| Task to complete |
Starting at the line that contains "port cover |" and stopping at the line that contains "your baby's growth.", restate each line of the records below exactly. Omit the pictures.

| Records shown |
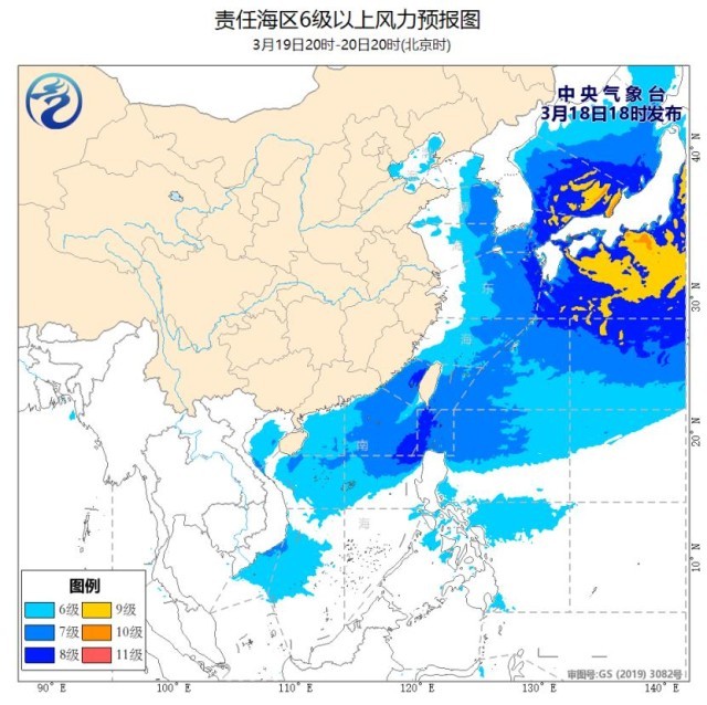 預(yù)計,19日白天至21日白天,東海南部海域、臺灣海峽、臺灣以東洋面、巴士海峽、南海大部海域、北部灣將有6~7級,陣風8級的偏北或東北風,其中臺灣海峽、巴士海峽、南海東北部部分海域風力可達8級、陣風9-10級。
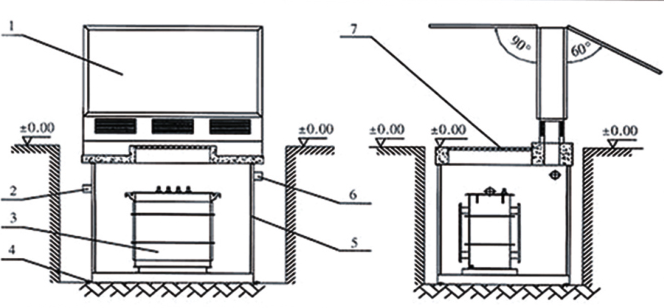 | Fig. 1 Schematic diagram of semi-buried box transformer structure 1-Light box-type power distribution equipment: 2-High-voltage cable inlet hole; 3-Underground combined transformer: 4-Pitpit foundation installation hole 5-Prefabricated ground play foundation; 6-Low-voltage cable outlet hole; 7-Pit operation port cover |
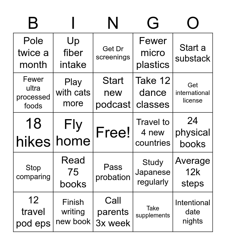This bingo card has a free space and 24 words: Read 75 books, Finish writing new book, Start new podcast, 12 travel pod eps, Start a substack, Pole twice a month, Fewer ultra processed foods, Up fiber intake, Travel to 4 new countries, Pass probation, Take 12 dance classes, 18 hikes, Study Japanese regularly, Average 12k steps, Play with cats more, Take supplements, 24 physical books, Get Dr screenings, Get international license, Fly home, Intentional date nights, Stop comparing, Fewer micro plastics and Call parents 3x week.
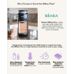 The Milkeo Plus is the new generation of automatic bottle makers with a sleek design. Designed to simplify and speed up bottle preparation, this automatic device doses, heats, and dispenses directly into the bottle in less than 20 seconds. This speed and efficiency save parents valuable time, especially during restless nights.
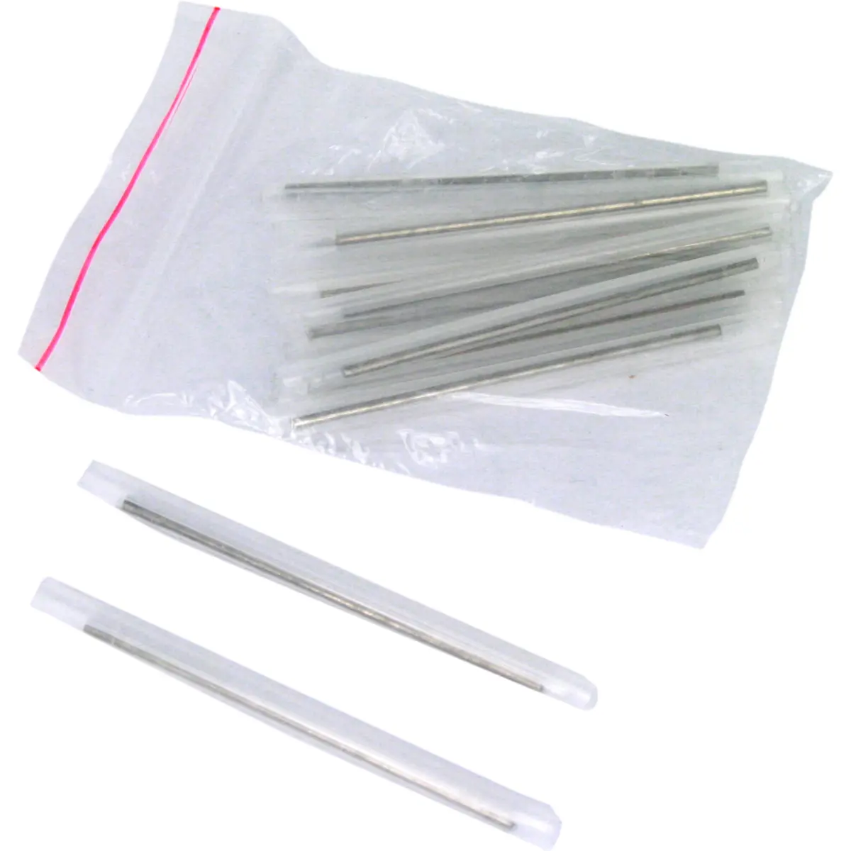 Proteções termo-retráteis com reforço metálico para fusão óptica, em 50 unid. de 45mm, transparentes. Concebidas para proteger ligações ópticas durante a fusão, oferecendo proteção mecânica adicional e facilitando a instalação em cabos de fibra.
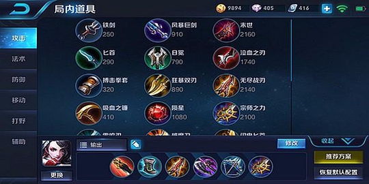 打野刀前期能够帮助快速刷野,到四级后抓人,升级为追击刀锋可以拥有寒冰惩戒,帮助阿轲快速留人,此时不建议升级到三级打野刀。抵抗之靴能够帮助阿轲在切入团战时不容易被控制后集火秒杀。无尽战刃是阿轲的核心装备,提供了极高的暴击效果,帮助阿轲的背后暴击伤害更高。暗影战斧是切后排的核心装备,提供了高额的减cd和护甲穿透帮助阿轲对脆皮的杀伤力更大。破甲弓提高了对前排坦克的输出,出完破甲弓以后的输出就极为爆炸了。最后一件装备可以看局势选择出宗师之力还是破军,因为宗师之力的强击被动能被阿轲的一二技能触发,提供的8%移速也可以帮助阿轲快速追击敌人,而破军则使阿轲对残血的收割能力更加出众。
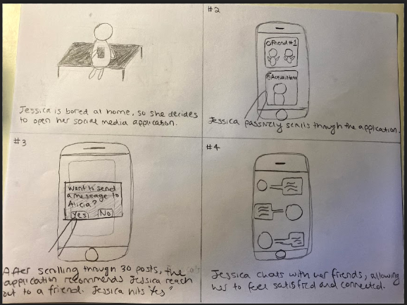 We conducted a usability tests with four participants to evaluate our wireframes. The inclusion criteria were that the participant had to be between 15-25 years old and have accessed either Facebook, Instagram, or Snapchat at least once in the past month.
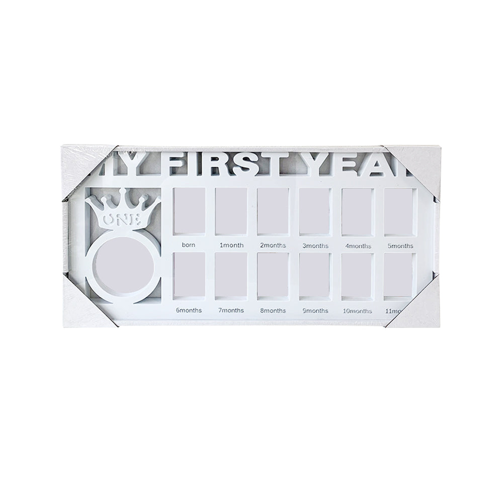 - "My First Year" frame displaying 13 photos of your newborn baby's first year of life, record your baby's growth.
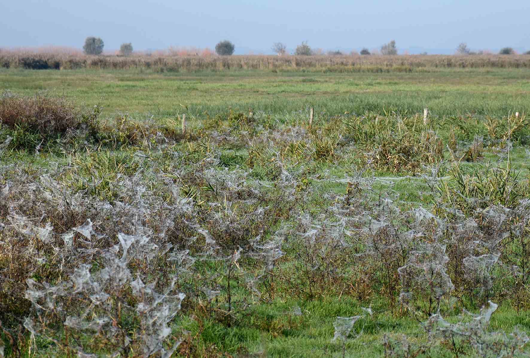 Certains matins, la brume estompe les contours et les couleurs, et dans les prés d’éphémères tissages s’accrochent aux moindres brindilles.
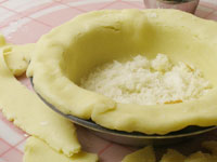 ※ パイ皿の大きさからみるとパイ生地の材料が少し多めですがこのくらい用意するとやり易いです。余ってしまった生地はもう一度伸ばし、小さめの型でタルトレット3個分として焼いてください。

| Answer |
 | Fig. 1 Schematic diagram of semi-buried box transformer structure 1-Light box-type power distribution equipment: 2-High-voltage cable inlet hole; 3-Underground combined transformer: 4-Pitpit foundation installation hole 5-Prefabricated ground play foundation; 6-Low-voltage cable outlet hole; 7-Pit operation port cover |
This bingo card has a free space and 24 words: Read 75 books, Finish writing new book, Start new podcast, 12 travel pod eps, Start a substack, Pole twice a month, Fewer ultra processed foods, Up fiber intake, Travel to 4 new countries, Pass probation, Take 12 dance classes, 18 hikes, Study Japanese regularly, Average 12k steps, Play with cats more, Take supplements, 24 physical books, Get Dr screenings, Get international license, Fly home, Intentional date nights, Stop comparing, Fewer micro plastics and Call parents 3x week.
 The Milkeo Plus is the new generation of automatic bottle makers with a sleek design. Designed to simplify and speed up bottle preparation, this automatic device doses, heats, and dispenses directly into the bottle in less than 20 seconds. This speed and efficiency save parents valuable time, especially during restless nights.
 Proteções termo-retráteis com reforço metálico para fusão óptica, em 50 unid. de 45mm, transparentes. Concebidas para proteger ligações ópticas durante a fusão, oferecendo proteção mecânica adicional e facilitando a instalação em cabos de fibra.
 打野刀前期能够帮助快速刷野,到四级后抓人,升级为追击刀锋可以拥有寒冰惩戒,帮助阿轲快速留人,此时不建议升级到三级打野刀。抵抗之靴能够帮助阿轲在切入团战时不容易被控制后集火秒杀。无尽战刃是阿轲的核心装备,提供了极高的暴击效果,帮助阿轲的背后暴击伤害更高。暗影战斧是切后排的核心装备,提供了高额的减cd和护甲穿透帮助阿轲对脆皮的杀伤力更大。破甲弓提高了对前排坦克的输出,出完破甲弓以后的输出就极为爆炸了。最后一件装备可以看局势选择出宗师之力还是破军,因为宗师之力的强击被动能被阿轲的一二技能触发,提供的8%移速也可以帮助阿轲快速追击敌人,而破军则使阿轲对残血的收割能力更加出众。
 We conducted a usability tests with four participants to evaluate our wireframes. The inclusion criteria were that the participant had to be between 15-25 years old and have accessed either Facebook, Instagram, or Snapchat at least once in the past month.
 - "My First Year" frame displaying 13 photos of your newborn baby's first year of life, record your baby's growth.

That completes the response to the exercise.